For advisory file record locking to be effective, all processes that have access to a file must cooperate and use the advisory mechanism before doing I/O on the file. Enforcement-mode record locking is important when it cannot be assumed that all processes are cooperating. For example, if one user uses an editor to update a file at the same time that a second user executes another process that updates the same file and if only one of the two processes is using advisory locking, the processes are not cooperating. Enforcement-mode record locking would protect against accidental collisions.
Secondly, advisory record locking requires a process using locking to bracket each I/O operation with lock (or test) and unlock operations. With enforcement-mode file and record locking, a process can lock the file once and unlock when all I/O operations have been completed. Enforcement-mode record locking provides a base that can be enhanced; for example, with sharable locks. That is, the mechanism could be enhanced to allow a process to lock a file so other processes could read it, but none of them could write it.
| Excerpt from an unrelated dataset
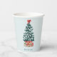 Add a touch of Christmas magic to your home with these cute seasonal paper cups, featuring a classic snow-covered Christmas tree topped with a red bow and surrounded by festive wrapped gifts. The customizable text at the bottom adds a warm seasonal message, making these paper cups a perfect addition to your holiday dinner party with family and friends.

Mandatory locks were omitted for several reasons:
1.
Mandatory lock setting was done by multiplexing the set-group-ID bit in most implementations; this was confusing, at best.
2.
The relationship to file truncation as supported in 4.2 BSD was not well specified.
3.
Any publicly readable file could be locked by anyone. Many historical implementations keep the password database in a publicly readable file. A malicious user could thus prohibit logins. Another possibility would be to hold open a long-distance telephone line.
4.
Some demand-paged historical implementations offer memory mapped files, and enforcement cannot be done on that type of file.
Since sleeping on a region is interrupted with any signal, alarm() may be used to provide a timeout facility in applications requiring it. This is useful in deadlock detection. Since implementation of full deadlock detection is not always feasible, the [EDEADLK] error was made optional.